___ Supplied data
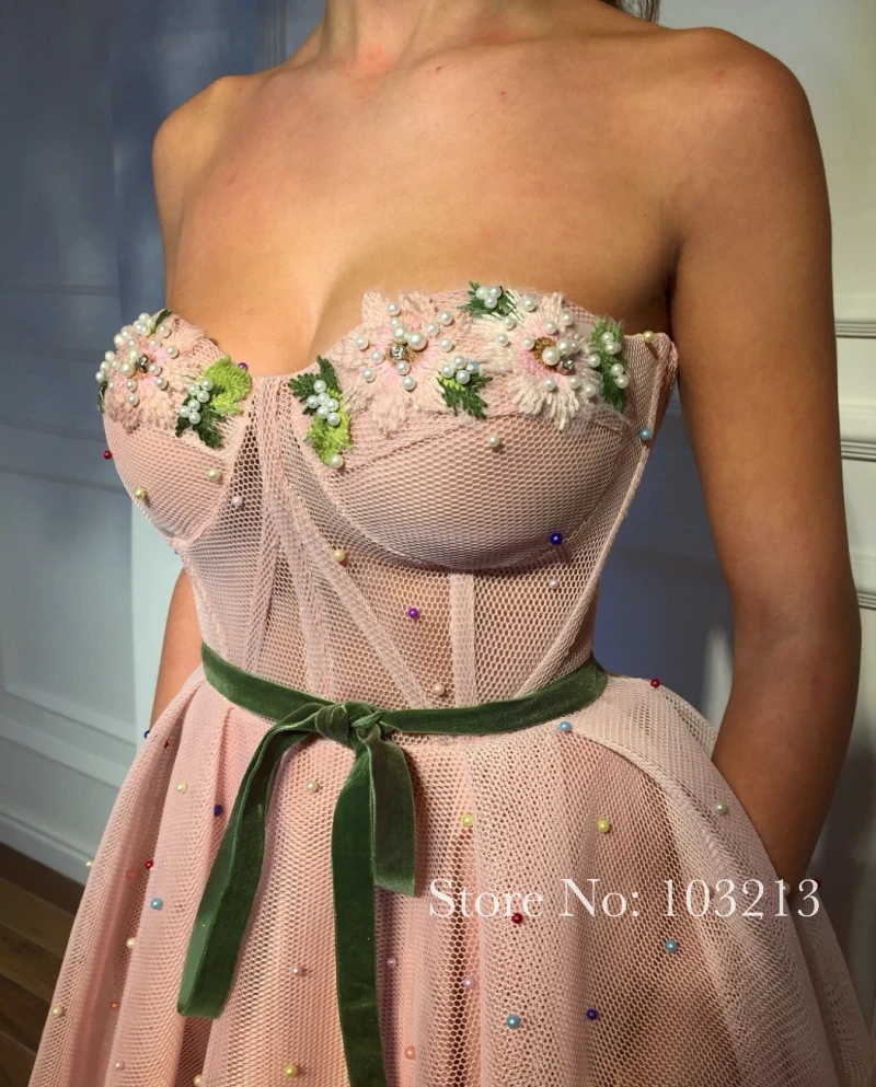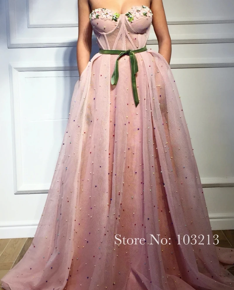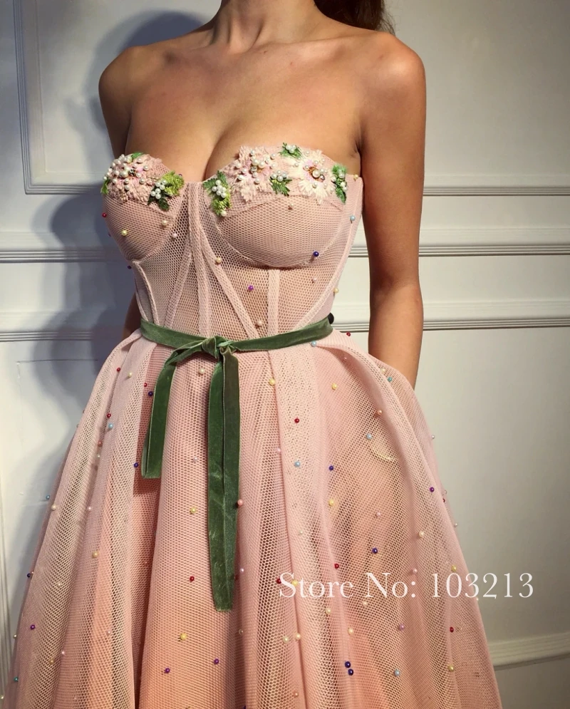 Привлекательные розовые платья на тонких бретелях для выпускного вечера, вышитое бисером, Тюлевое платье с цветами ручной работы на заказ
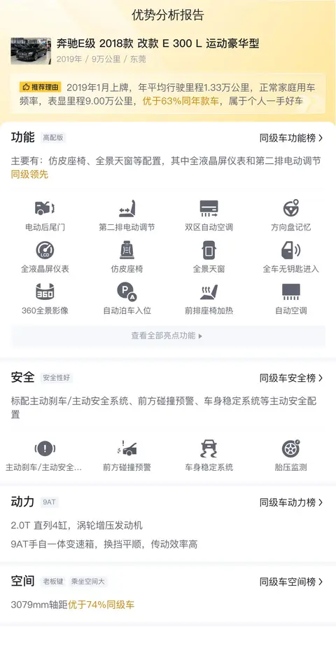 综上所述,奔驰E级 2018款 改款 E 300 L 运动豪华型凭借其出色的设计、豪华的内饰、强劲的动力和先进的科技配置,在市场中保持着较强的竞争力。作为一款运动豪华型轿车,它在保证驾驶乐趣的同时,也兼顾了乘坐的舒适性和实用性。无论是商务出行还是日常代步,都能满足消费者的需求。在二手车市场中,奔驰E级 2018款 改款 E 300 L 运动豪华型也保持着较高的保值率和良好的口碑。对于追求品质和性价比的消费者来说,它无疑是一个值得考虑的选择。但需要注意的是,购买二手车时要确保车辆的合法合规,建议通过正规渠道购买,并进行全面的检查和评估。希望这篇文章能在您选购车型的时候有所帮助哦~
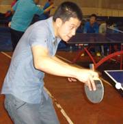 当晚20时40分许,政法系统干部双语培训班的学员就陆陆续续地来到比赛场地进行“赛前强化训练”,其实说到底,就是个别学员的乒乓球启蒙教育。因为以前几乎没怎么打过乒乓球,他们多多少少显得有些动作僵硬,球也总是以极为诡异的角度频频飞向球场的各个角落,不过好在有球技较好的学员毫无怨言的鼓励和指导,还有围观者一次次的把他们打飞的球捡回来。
______
[Work item]
Could you retype the whole listing word for word, minus its pictures?

[Response area]
 Привлекательные розовые платья на тонких бретелях для выпускного вечера, вышитое бисером, Тюлевое платье с цветами ручной работы на заказ
 综上所述,奔驰E级 2018款 改款 E 300 L 运动豪华型凭借其出色的设计、豪华的内饰、强劲的动力和先进的科技配置,在市场中保持着较强的竞争力。作为一款运动豪华型轿车,它在保证驾驶乐趣的同时,也兼顾了乘坐的舒适性和实用性。无论是商务出行还是日常代步,都能满足消费者的需求。在二手车市场中,奔驰E级 2018款 改款 E 300 L 运动豪华型也保持着较高的保值率和良好的口碑。对于追求品质和性价比的消费者来说,它无疑是一个值得考虑的选择。但需要注意的是,购买二手车时要确保车辆的合法合规,建议通过正规渠道购买,并进行全面的检查和评估。希望这篇文章能在您选购车型的时候有所帮助哦~
 当晚20时40分许,政法系统干部双语培训班的学员就陆陆续续地来到比赛场地进行“赛前强化训练”,其实说到底,就是个别学员的乒乓球启蒙教育。因为以前几乎没怎么打过乒乓球,他们多多少少显得有些动作僵硬,球也总是以极为诡异的角度频频飞向球场的各个角落,不过好在有球技较好的学员毫无怨言的鼓励和指导,还有围观者一次次的把他们打飞的球捡回来。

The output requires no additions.